Vladimir Chervanev
Vladimir Chervanev

Reputation: 1652

Reload Ansible's dynamic inventory

I'm using Ansible to setup EC2 instances and deploy an application. There's a hosts script which gathers tags related servers and groups info. I'd like to run these actions as a single playbook, so

  1. New instances are created if needed
  2. Hosts script loads inventory (including servers' facts)
  3. Deployment playbook works

However, the inventory is loaded in advance, so, there is no servers/groups data if servers are created/updated during the play. I can

  1. separate provision and deployment playbooks
  2. use add_host trick to emulate dynamic inventory when servers are updated

But, there are drawbacks in those approaches.

Can I force Ansible to reload inventory?
My test files are: hosts script:

#!/bin/sh
echo `date` >> log.log
echo "{\"standalone\":[\"localhost\"]}"

Sample playbook.yml:

---
- hosts: all
  tasks:
    - name: show inventory_hostname
      command: echo {{ inventory_hostname }}

I run it with the command ansible-playbook -i hosts playbook.yml -v and see two runs:

$> cat log.log
Thu Mar 12 09:43:16 SAMT 2015
Thu Mar 12 09:43:16 SAMT 2015

but I haven't found a command to double it.

Upvotes: 58

Views: 36627

Answers (7)

James Orenthal
James Orenthal

Reputation: 676

With Ansible 2.0+, you can refresh your inventory mid-play by running the task:

- meta: refresh_inventory

Upvotes: 66

Ryan Mahaffey
Ryan Mahaffey

Reputation: 133

Please note that meta: refresh_inventory does not work in Ansible Tower (AWX).

https://docs.ansible.com/ansible-tower/3.3.1/html/userguide/best_practices.html

Playbooks should not use the meta: refresh_inventory Ansible feature, as it is incompatible with how Tower processes inventory, if a playbook does refresh inventory, it will refresh back to the start of the inventory the job began with. Instead, use a workflow with separate inventory refresh steps.

I do not yet have enough rep to comment, otherwise, I would have.

Upvotes: 0

Berthin
Berthin

Reputation: 369

I had a similar scenario and meta did not help, but setup did. So, this is for all folks that might find this useful... To give a little bit of context, what I was doing is to limit the linux kernel memory to a certain amount of what the real memory was and then update some files based on the new values.
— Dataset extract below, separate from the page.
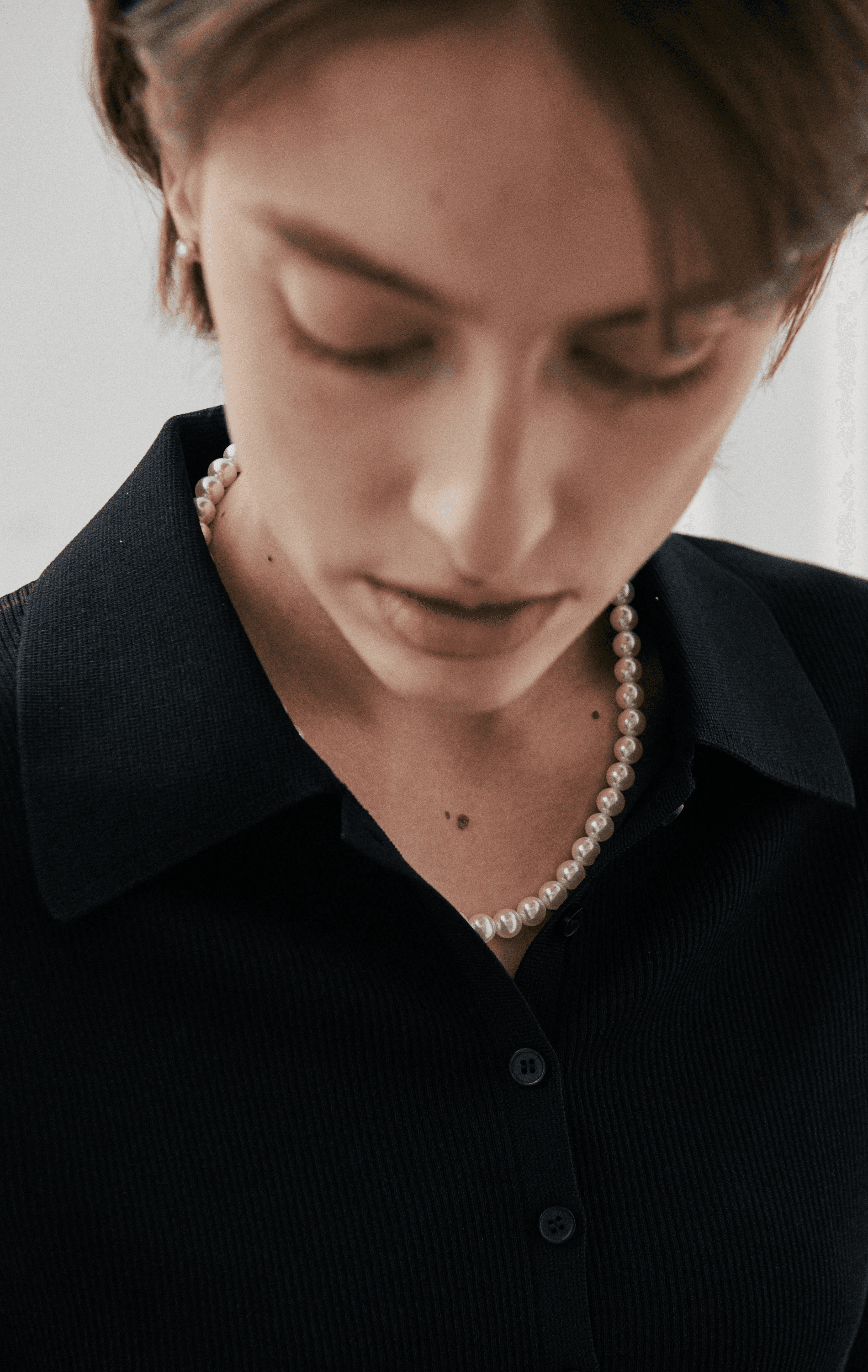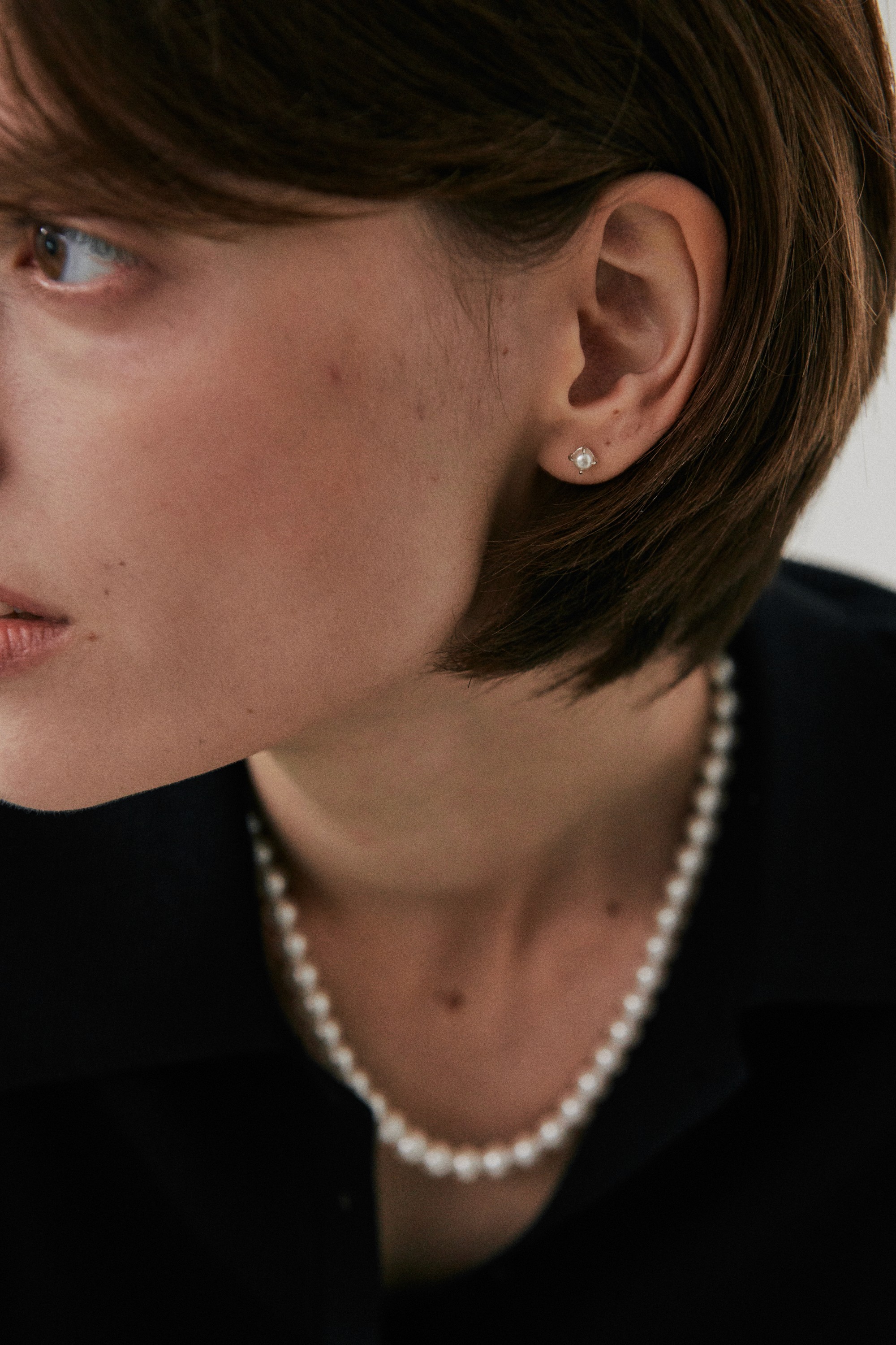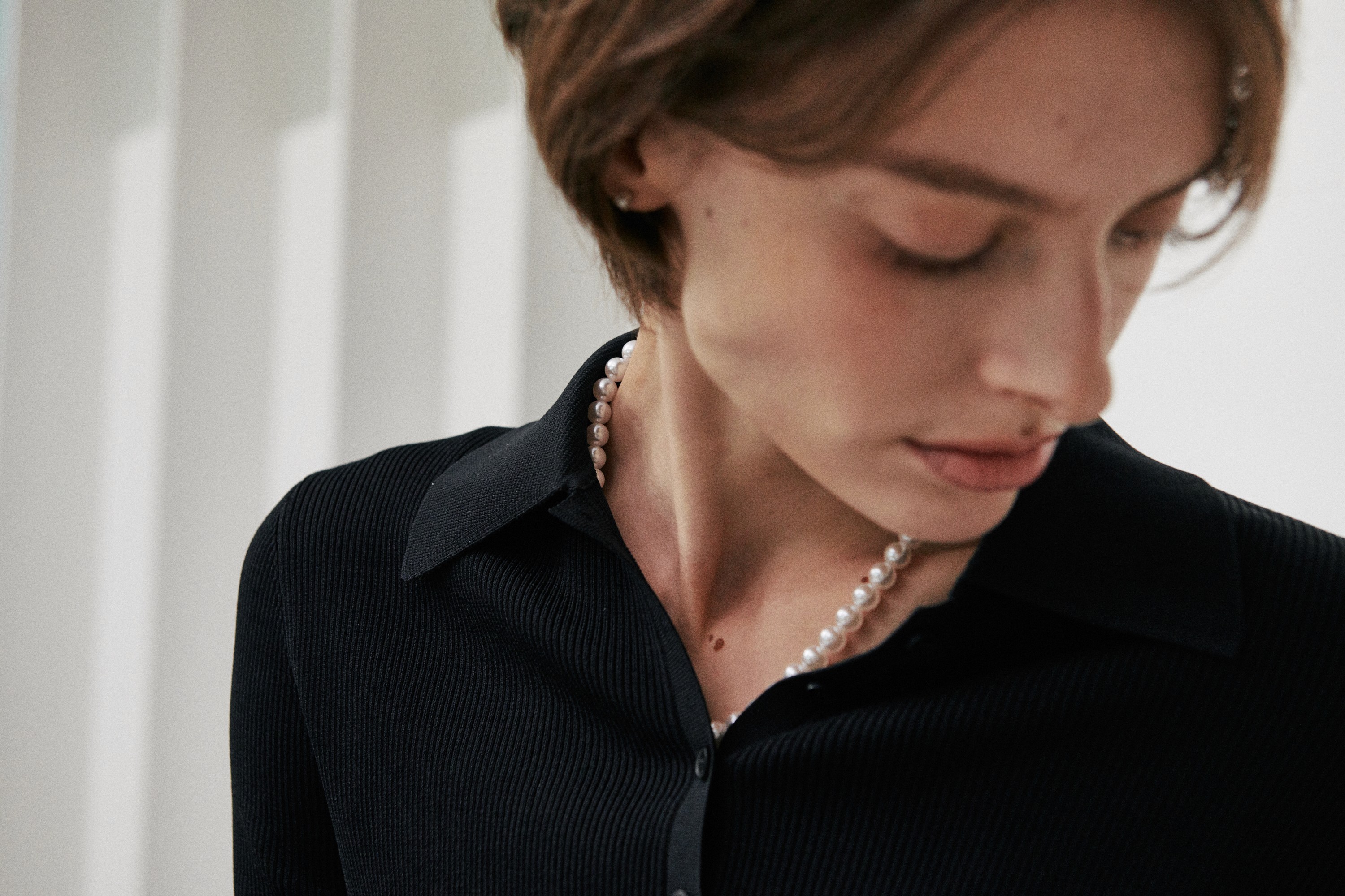 Summer, lightly but with a clear presence. A sense of faintness like the summer air and a clear overlap on top of it. Expressing the space of silhouette between blurriness and clarity. Boldly reduced silver lines, transparently overlapping pearls, bold shapes containing the flow of summer.

For instance, the ansible tasks were something like:

- name: Print real memory
  debug:
    msg: {{ ansible_memory_mb.real.total }}

- name: Reset GRUB_CMDLINE_LINUX
  lineinfile:
    path: /etc/default/grub
    regexp: '^{{ item.key }}='
    line: '{{ item.key }}="{{ item.value }}"'
  with_items:
    - { key: 'GRUB_CMDLINE_LINUX', 
        value: '{{ ansible_memory_mb.real.total - reserved }}m'}

- name: Update GRUB
  command: update-grub

- name: Reboot the node to load the system's real memory settings
  reboot:

- name: Print real memory
  debug:
    msg: {{ ansible_memory_mb.real.total }}

and the output was the same for both debug logs because the ansible_memory_mb variable was not reload after the linux kernel configuration changed.

Solution? Add a task to setup after rebooting the system.

- name: Refresh ansible facts (ansible_memory_mb) after updating grub
  setup:

Upvotes: 0

fuzzygroup
fuzzygroup

Reputation: 1149

You can also edit the ec2.ini file and set the option:

cache_max_age = 0

to prevent the need for reload by making sure that nothing is cached in the first place.

Upvotes: 2

dsz
dsz

Reputation: 5202

I found the meta: refresh_inventory to be insufficient.
I had to add an explicit call to ec2.py --refresh-cache first.

- name: refresh inventory
  hosts: localhost
  connection: local
  gather_facts: False
  tasks:
    - name: Refresh EC2 cache
      command: /etc/ansible/ec2.py --refresh-cache
    - name: Refresh in-memory EC2 cache
      meta: refresh_inventory

Upvotes: 21

Andrew Vorobyov
Andrew Vorobyov

Reputation: 127

Take a look at add_host.

It does add a host (and alternatively a group) to the ansible-playbook in-memory inventory

Upvotes: -2

Bruce P
Bruce P

Reputation: 20719

Ansible currently doesn't support this. If you look at the source code of the ansible or ansible-playbook commands you'll see that the inventory is loaded first and then the inventory object is passed to the ansible command that runs the specified task or playbook. Moving the inventory processing so that it happens within the task/playbook handlers would probably be a pretty major undertaking for a number of reasons.

Your best bet when doing something like this is to simply break your playbook into two and wrap their calls in a shell script that you only have to invoke once.